Picking up his ashes yesterday was not as hard as I thought. Gregory is gently resting in the sewing box of his Grandma Carrie, his father’s mother. 

Gregory tells the story of how sorry he was that he was not able to see her when she died and was not able to go to her funeral because he was across the country at school.

He tells of their time together on overnight visits when he was a young boy, when they would sit on the font porch of her house, across the street and a little way down from the Goshen, Indiana court house. 

Gregory loved to play by the court house, walking up and down the grand stairs, and balancing his way around the building on the first floor parapet. 

They would watch the sun go down, and the cars go by, and talk of things. They would always have popcorn for dinner and oatmeal for breakfast. 

She was either poor enough or stingy enough (and probably a little crazy enough) to not bother wanting to light the water heater. She would boil a pot of water, let it cool down, and instruct Gregory how to take a “Navy Bath,” also known as a sponge bath. 

She would instruct Gregory saying, “First you wash as far up as possible, then you wash as far down as possible, then you wash possible.” 

I had ordered a bio-degradable box covered in handmade paper with dried fall leaves affixed to it. For me it was the best of the available choices (and there were many.) 

The night after making his arrangements with The Cremation Society of Illinois, I was sitting in the kitchen folding dusting rags (just realized the significance of “dust to dust”) and it came to me (might you say insight or might you say Gregory or Carrie whispering to me?) that I could use Grandma Carrie’s sewing box for Gregory’s ashes. 

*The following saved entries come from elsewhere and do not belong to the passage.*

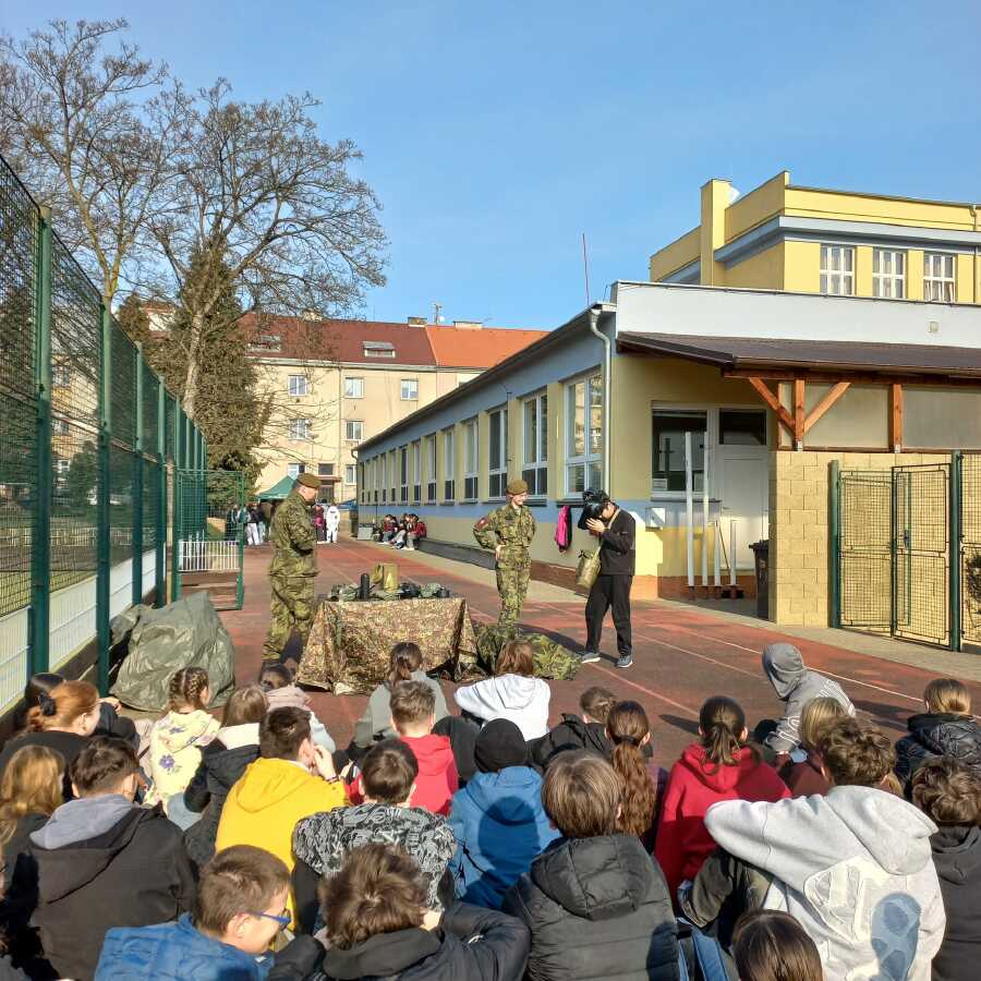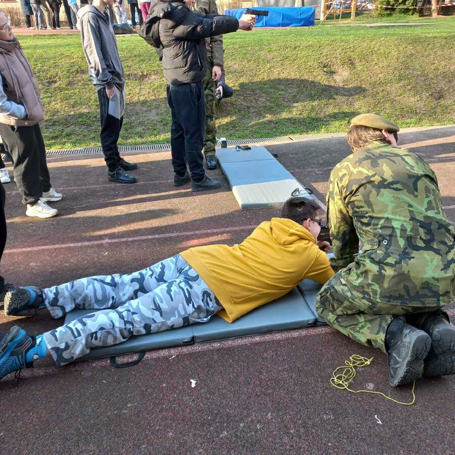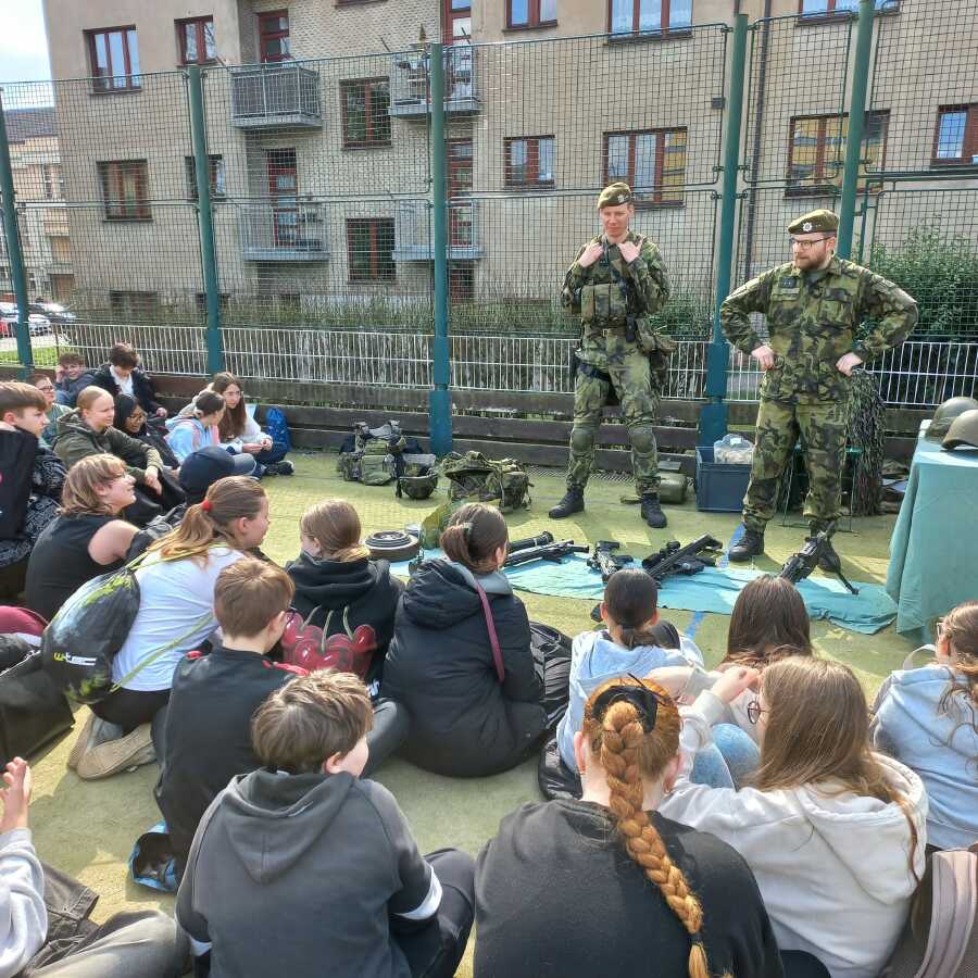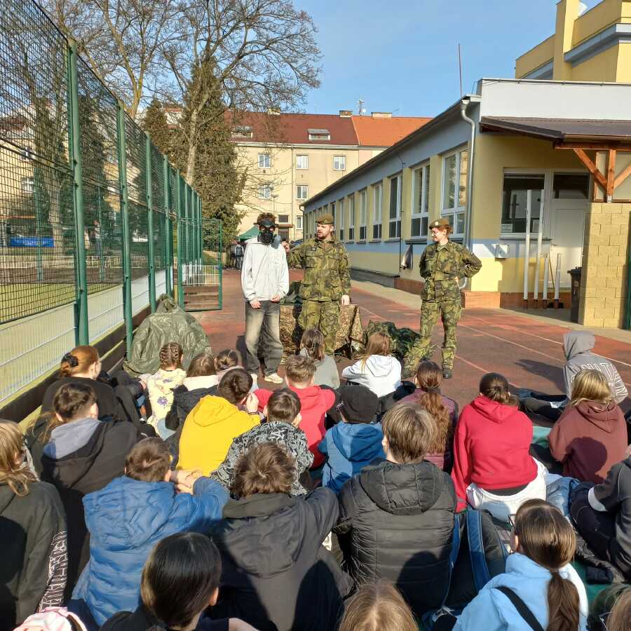 V pondělí 23.3.2026 naši školu navštívili zástupci Ministerstva obrany a Armády ČR v rámci programu POKOS (Příprava občanů k obraně státu). Místo běžných hodin v lavicích čekal na žáky den plný praktických dovedností, techniky a důležitých informací o bezpečnosti naší země.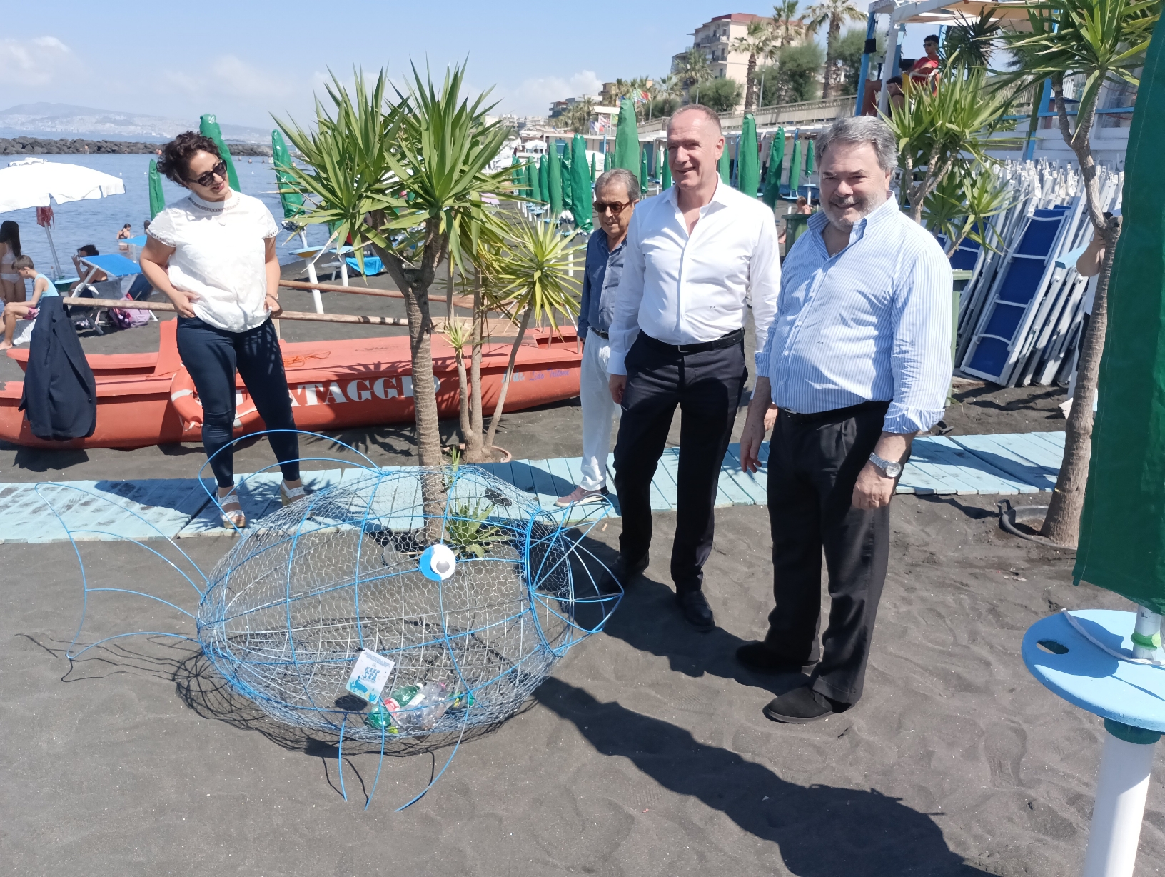 Sono arrivati sulle spiagge di Torre del Greco i “pesci mangiaplastica”, speciali contenitori realizzati interamente a mano dagli artigiani incaricati dalla ditta Velia Ambiente attraverso l’utilizzo di ferro e altro materiale totalmente riciclato.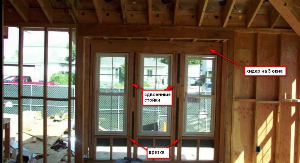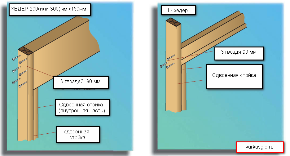 Если стена без проемов, то вся нагрузка равномерно идет на нижнюю обвязку и дальше в фундамент. При наличии окон появляется большое расстояние между стойками. В данном случае устанавливают хидер над проемом. В высоту он имеет 100-130 см и состоит из сдвоенной или строенной доски. Высота подбирается по размеру окна и в зависимости от нагрузок лаг перекрытия. Хидер также вбирает в себя нагрузку и равномерно её распределяет.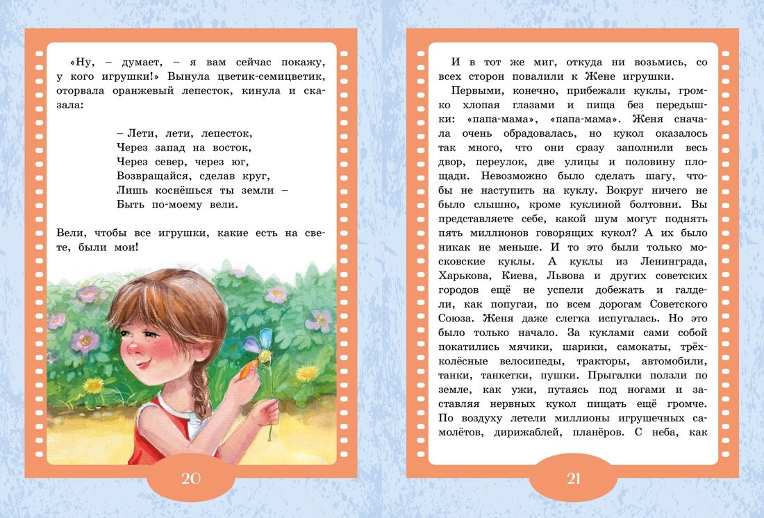У каждого в детстве есть любимые книжки. Они зачитаны до дыр, потому что именно по ним лучше всего учиться читать. А если по такой книжке сделан мультфильм – это вдвойне классная книжка! И как же здорово – прочитать историю, а потом посмотреть мультик про любимых героев!В книгу вошли две замечательные сказки Валентина Катаева – «Цветик-семицветик» и «Дудочка и кувшинчик». Весёлые, увлекательные истории, ставшие любимыми для многих поколений юных читателей, помогут ребёнку усвоить важные жизненные уроки, научиться быть добрым, смелым и трудолюбивым.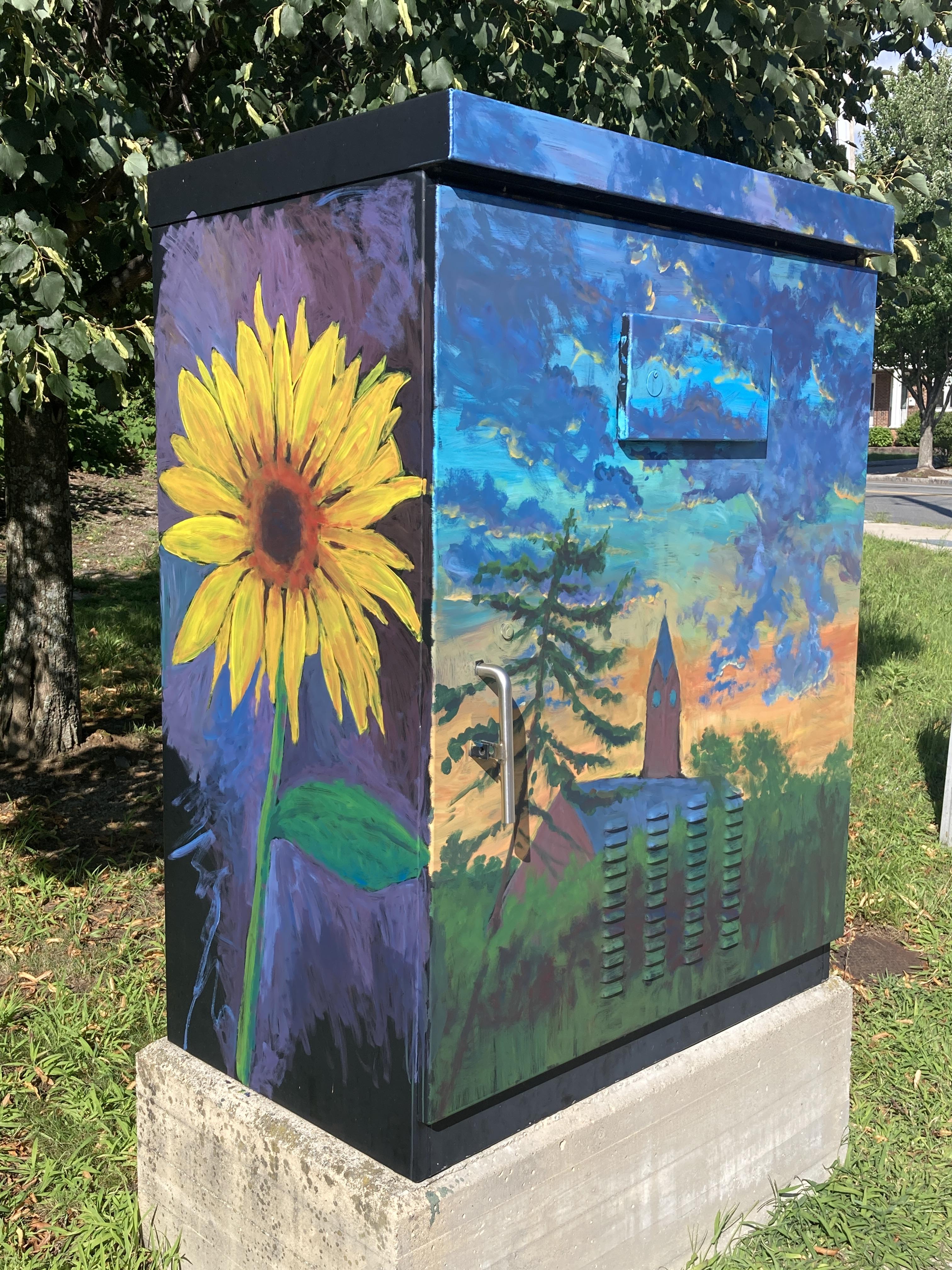 Adam Adkison painted the box at the corner of Skillings Road and Washington Street (across from the Jenks Center) with the silhouette of Town Hall outlined against a luminescent sky. The sides of the box feature painted flowers.

And so the beautiful handmade paper box is now lovingly placed in Carrie’s sewing box and they are both resting peacefully. He loved her very much and is happy to know that his resting place, for now, is with her.

P.S. This will be today’s post that was written especially for you and Les.


  1. Keep trying. Life is still a lot of wonderful things await you.

  2. Thanks Julie. I know you are right and I already continue to enjoy it so much, just a little lonely without my love. Happy Thanksgiving.